West Bengal Chief Minister Mamata Banerjee on Thursday criticised Prime Minister Narendra Modi over his “lack of democracy in Bengal” comment in an interview aired on various TV channels on January 1. Banerjee said none needs to lecture Bengal on democracy.
“Some people are shouting untruths. Are you trying to impart lessons in democracy to us? Bengal practices a democracy that is not followed anywhere else,” Banerjee said without taking the Prime Minister’s name in a speech at Ilambazar in Birbhum district.
She alleged that the Centre is trying to gag people by snooping on their conversation over phones and computers. “You may tell your husband to buy fish from the market and even that conversation is not out of their scanner,” she said.
This is the first time she responded to the Prime Minister’s remark that the BJP workers are being denied democratic rights in West Bengal.
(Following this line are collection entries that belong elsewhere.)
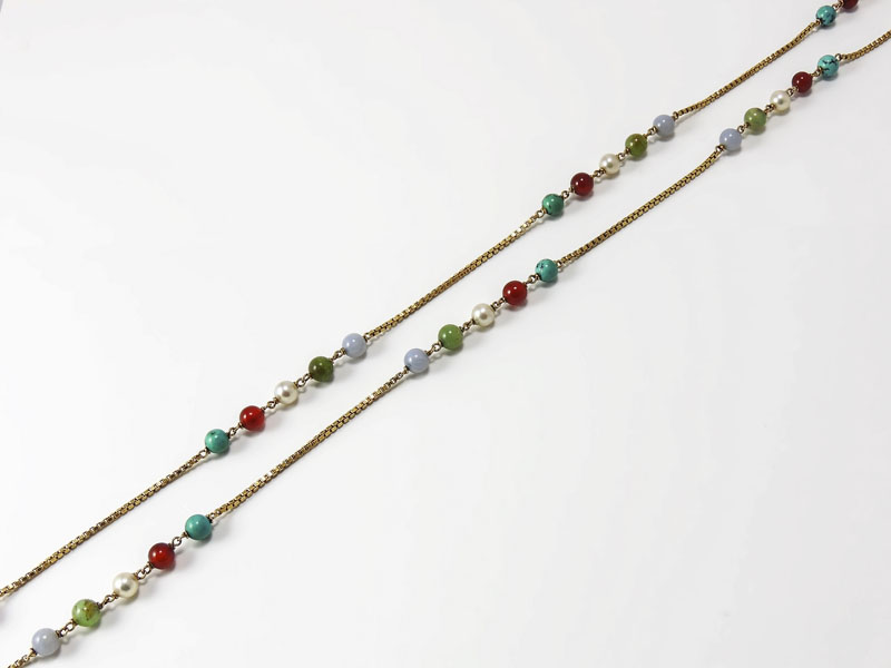 LUNGA CATENA IN ORO GIALLO, PIETRE PREZIOSE E PERLE realizzata a maglie intercalate da sfere di calcedonio, corniola, turchese, nefrite e perle di acqua salata GR 56,8 LONG GOLD CHAIN WITH PRECIOUS STONES AND PEARLS
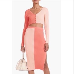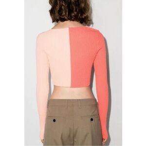 v neckline, ribbed knit material with lots of stretch, long sleeves, two tone pink and coral colors, cropped fit, new with tags, approx measurements shown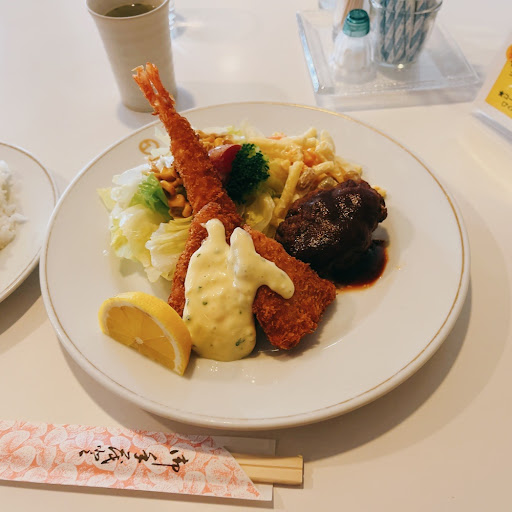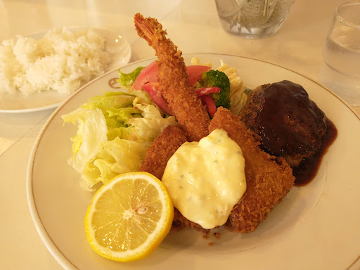 テーブルにはメニュー。 日替わり弁当690円、サンドイッチセット840円、スバゲティ700円推しだね。 歳を経てメイド服でない店員さんへのオーダーは、めったにこないこの辺り、スペシャルランチ900円。 10分程度後、やってきましたスペシャルランチ。 皿に盛られたライスと、サラダ、ポテサラ、エビフライ、魚フライ、ハンバーグのワンプレート。 そして、ナイフとフォークでなく箸。 サラダにはゴマドレで今時の味。 ポテサラは玉子たっぷりで昔ながら。 魚フライは揚げたて、ちょっとタルタルソース甘めかな。 エビフライも揚げたて、尻尾の揚がりもいい感じ。 そして、ハンバーグ。 つなぎが少ない肉肉しさ、そして甘めのソースで昭和な味わい。 小学生くらいの頃食べてたのコレだったのかな~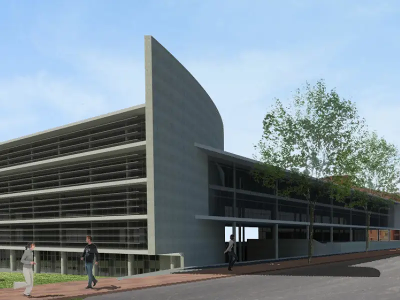 Por su parte, el segundo cuerpo, identificado como “B”, se desarrolla a partir de una traza curva y alcanza una altura de cuatro pisos más un semisótano.

“What has happened in West Bengal. A political party (the BJP) is being denied a basic democratic right. Our workers are brutally killed in West Bengal, Kerala (and) Karnataka. Politics of violence has to end. All parties have to reaffirm their commitment to peaceful politics,” the Prime Minister’s Office had tweeted quoting Modi.
On the evening of January 1, Trinamool Congress secretary general Partha Chatterjee had retorted, “The BJP should not lecture on democracy and democratic rights. They destroyed democracy and
different institutions in the country. The BJP do not have any respect for democracy and the Constitution.”
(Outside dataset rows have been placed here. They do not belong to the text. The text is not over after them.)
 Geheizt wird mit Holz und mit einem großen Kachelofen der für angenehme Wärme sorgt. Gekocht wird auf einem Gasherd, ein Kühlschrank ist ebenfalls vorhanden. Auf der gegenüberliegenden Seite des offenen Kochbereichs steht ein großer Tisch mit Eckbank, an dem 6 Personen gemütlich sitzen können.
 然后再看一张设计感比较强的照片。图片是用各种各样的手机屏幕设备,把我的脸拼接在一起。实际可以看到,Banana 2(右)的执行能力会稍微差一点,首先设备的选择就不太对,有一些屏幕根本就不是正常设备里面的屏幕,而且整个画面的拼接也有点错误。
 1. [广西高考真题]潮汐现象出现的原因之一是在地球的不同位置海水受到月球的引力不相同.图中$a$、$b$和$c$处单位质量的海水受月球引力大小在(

In her address on Thursday, Mamata Banerjee said, “People live in peace here, but some are trying to malign us. How can they indulge in politicking if people live in peace?” West Bengal is the most peaceful place on the earth, she said.
Incidentally, on December 7 in a press conference in Delhi, the BJP president Amit Shah alleged that as many as 26 per cent of political murders that take place in the country in a year happens in West Bengal (the state that happens to accommodate about 7.5 per cent of the country population according to the 2011 census).
BJP Bengal unit president Dilip Ghosh said that 38 workers of the party have been killed in West Bengal in 2018, alleging a role of the ruling party supporters in these incidents.
Partha Chatterjee had brushed aside Shah’s allegation as baseless.
The BJP and Trinamool Congress are locked in a high-stake battle in West Bengal in the run-up to the Lok Sabha election. Amit Shah has identified West Bengal as a focus state for the Lok Sabha polls.
While BJP boss Amit Shah has set his sight on at least 22 of the 42 seats in West Bengal, Trinamool Congress chief Mamata Banerjee, who is trying to catalyse an anti-BJP front of regional parties, has vowed to make a clean sweep of the constituencies in the parliamentary polls later this year.